We hold these claims to be above legitimate debate: that America is exceptional; that we are endowed by the fact of our super-awesome existence with certain international obligations; that among these are global hegemony, full-spectrum dominance, and the responsibility to speak and act for freedom-loving people everywhere (whether they like it or not); that to fulfill these obligations, governments are instituted among men, deriving their just powers from the consent of Uncle Sam; that, whenever any government becomes inconvenient for, or ill-disposed toward, America, it is our right, it is our duty, to overthrow such government, and to institute a new government; granting its powers to such persons, and organizing it in such form, as to US shall seem most likely to ensure our continued dominance. Prudence, indeed, will dictate that a nation in the enjoyment of peace ought not to engage in war for light and transient reasons; and all experience has shown that empires are more likely to fall prey to their own corruption, arrogance, and sense of invincibility, than to the dangers and bugbears by which they justify their continued expansion. But when a long train of abuses and interventions, pursuing invariably the same object, evinces a design to enrich a few at the expense of the entire world, without provoking any career-ending electoral displeasure or unmanageable foreign crises, it is our habit to take such complacency for authority, and to embark on new adventures for our further enrichment. Such has been the long-standing experience of these states, and such is now the political climate which invites us to double down on our interventionist policies. The unique awesomeness of these United States is so significant that the lessons of history and prior human experience are insufficient to deter us from bossing you around at gunpoint. In this spirit of hubris, let warnings be presented to an increasingly skeptical world.

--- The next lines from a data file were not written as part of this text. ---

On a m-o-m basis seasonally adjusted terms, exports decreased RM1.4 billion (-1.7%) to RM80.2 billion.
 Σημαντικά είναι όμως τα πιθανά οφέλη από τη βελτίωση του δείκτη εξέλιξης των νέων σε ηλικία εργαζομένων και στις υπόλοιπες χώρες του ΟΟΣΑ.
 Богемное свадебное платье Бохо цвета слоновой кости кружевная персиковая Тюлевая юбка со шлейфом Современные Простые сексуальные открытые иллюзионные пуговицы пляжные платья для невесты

We may demand that your laws conform to our constantly changing standards, as the ultimate measure of what is good.

We may offer your leaders immense financial incentives to place the interests of the few above your interests and those of your nations.

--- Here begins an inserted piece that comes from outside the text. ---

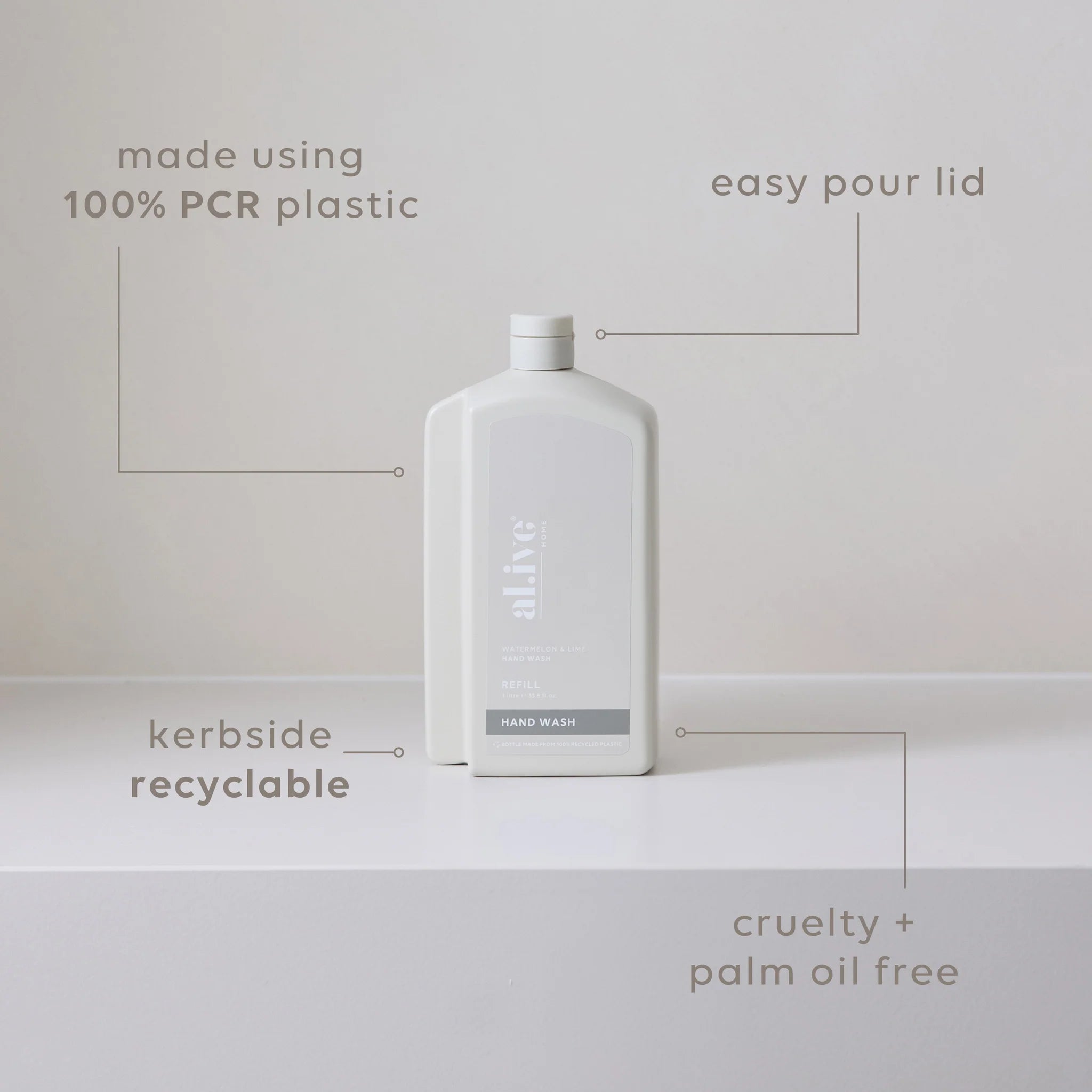 al.ive Body's 1 L Watermelon & Lime Hand Wash Refill is housed in a durable bottle made from 100% post-consumer recycled (PCR) plastic, a thoughtful alternative to single-use packaging.
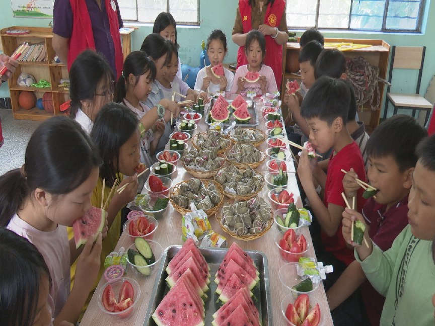 在三家店鎮(zhèn)高宗寨村兒童之家,鎮(zhèn)村干部們一早便忙活開來。他們精心準備了粽子、果凍,將鎮(zhèn)內(nèi)特色農(nóng)產(chǎn)品西紅柿、黃瓜、西瓜洗凈切片,撒上白糖,制成飽含愛意的美食?;顒蝇F(xiàn)場,孩子們圍坐在一起,伴隨著稚嫩的童聲合唱《小星星》,品嘗著酸甜可口的西紅柿、清爽多汁的果蔬拼盤和軟糯香甜的粽子,歡聲笑語此起彼伏。"太好吃啦!紅紅的西紅柿、圓圓的大西瓜、脆脆的黃瓜,還有甜甜的粽子,比我以前吃過的都好吃!我太喜歡了",高宗寨小學學生宋夢凡開心地分享著感受。鎮(zhèn)村干部們一邊與孩子們品嘗美食,一邊親切詢問學習生活情況,用實際行動傳遞溫暖關(guān)懷。

We may overthrow your national governments when we see fit, by force or subterfuge, at our option.

We may neglect for a long time, after such overthrow, to allow new governments to be formed; the legislative powers meanwhile being left in the hands of ruthless and incompetent bureaucrats, and your national resources exposed to all the corporate interest groups and speculators that follow in our wake.

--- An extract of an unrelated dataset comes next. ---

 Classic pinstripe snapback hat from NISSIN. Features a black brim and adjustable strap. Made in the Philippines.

We may endeavor to make your leaders dependent on our will alone for the tenure of their offices.

We may invent countless new conventions, commissions, agencies, administrations and NGOs, and send swarms of bureaucrats to harrass your people and live at your expense.

We may keep among you, in time of peace (if you are that lucky), standing armies, bribing your leaders with foreign aid packages to ensure their consent.

We may keep our military independent of, and superior to, your civil institutions.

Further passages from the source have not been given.